Essence of a method: the chemical method of definition of vitamin C 2, 6-dikhlorfenolindofenoly (Tilmans's paint) is based by the specific indicator on properties of this indicator to change the coloring depending on reaction of the environment. In acidic environment the indicator gets pink coloring, in alkaline and neutral - blue. Being restored, the indicator becomes colourless. Decolouration of the indicator in the presence of vitamin C is explained by easy oxidability of vitamin.

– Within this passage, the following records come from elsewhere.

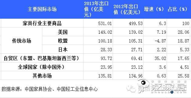 (3)出口格局呈现新变化。受全球经济复苏乏力影响,2013年我国家具行业出口格局有所变化,新兴市场成为亮点。2013年,我国对美国、欧盟、日本三大传统市场累计出口277.52亿美元,同比增长2.02%,占出口总额的52.26%,份额比上年减少2.2%。对新兴市场出口整体增速较快,其中对自贸区和金砖国家出口额117.67亿美元,同比增长27.17%,对新增出口值贡献率达到79.86%,拉动全行业出口增长5.03%。2013年家具行业主要商品出口主要国际市场情况如下表所示: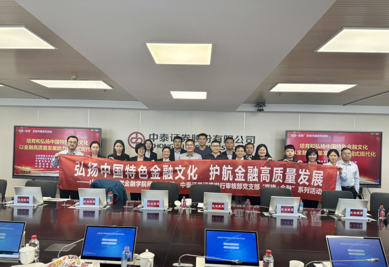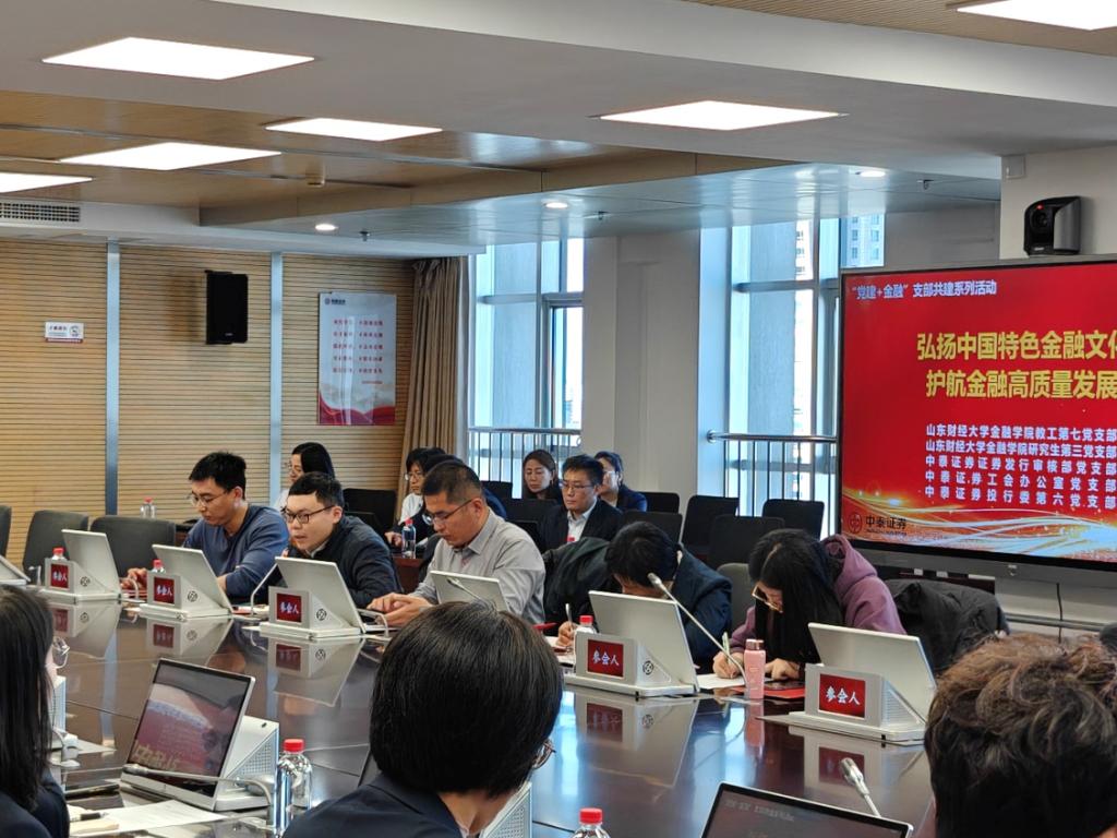 为深入学习宣传贯彻党的二十大精神,进一步坚定理想信念,激发党员队伍的凝聚力,11月28日,由新澳彩 副院长王营带队,新澳彩 教工第七党支部、研究生第三党支部与中泰证券证券发行审核部党支部、中泰证券工会办公室党支部、中泰证券投行委第六党支部联合开展“弘扬中国特色金融文化,护航金融高质量发展”支部共建活动。活动由中泰证券证券发行审核部党支部书记战肖华主持。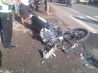 pengendara sepeda motor tewas seketika dilokasi kejadian. (29/10/2016)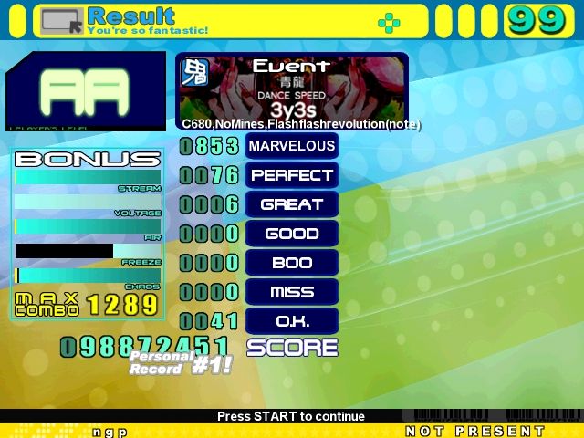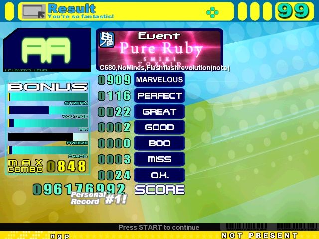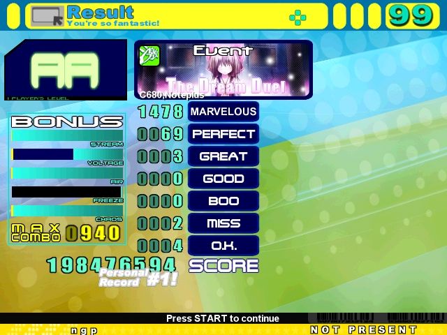 I haven't been able to do speed stuff lately and it's been pissing me off. bleh. Only speed score I was able to get. Sub 90's cool I guess. MA's pretty good. PA not so much. Choked at the end. I really want to drop the MA count by a lot. Haven't played this file in a while. I lose my focus a lot for long files where the arrows start to look blurry or something like that. Oh, and I saw OldCartoon post this about ten minutes ago.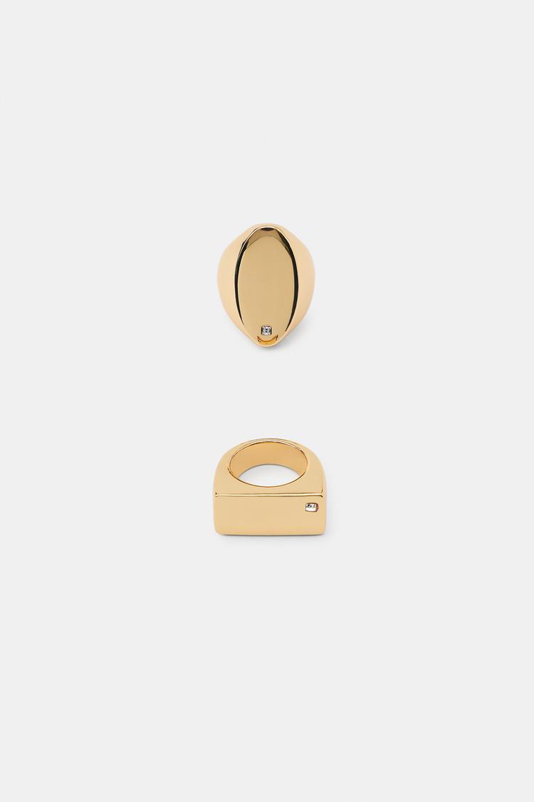 ZARA НАБОР КОЛЕЦ С ПЕЧАТКОЙ И КАМНЯМИ, ЗОЛОТИСТЫЙ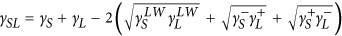 where γAB includes contributions γ− and γ+ from electron donor-acceptor interactions, respectively, also called Lewis base-acid interactions. The model assumes that the work of adhesion at the solid-liquid interface, WSL , can be approximated by geometric means as below:

Carrying out experience: To part 5 ml of milk by 3 times with water. At cultivation to measure milk a pipette, to pour the distilled water from the burette. To bring 1 ml of 2% in a conic flask with a capacity of 50 ml hydrochloric acid of 5 ml of the received milk solution, to bring water to the total amount of 15 ml. Carefully shaking up, contents of a flask titrut from the microburette 0, 001 N solution of a 2, 6-dikhlorfenolindofenol, flowing him drops before emergence of the weak-pink coloring remaining 0, 5-1 min. To make two parallel definitions of one portion of the divorced milk and to find average size.

To determine the content of vitamin C by a formula:

х = мг %,

where u - the amount of working solution 2, 6 dikhlorfenolindofenol which has gone for titration, ml; k - the amendment on a solution 2, 6 caption dichlorine-fenolindofenola; V- the volume to which the milk hinge plate at addition to her of water and hydrochloric acid is brought, by ml; V1 - the volume of the analyzed liquid taken for titration, ml; q - milk hinge plate; 0, 88 - amount of vitamin C, corresponding 1 ml 0, 001 N of solution 2, 6 dikhlorfenolindofenol, mg.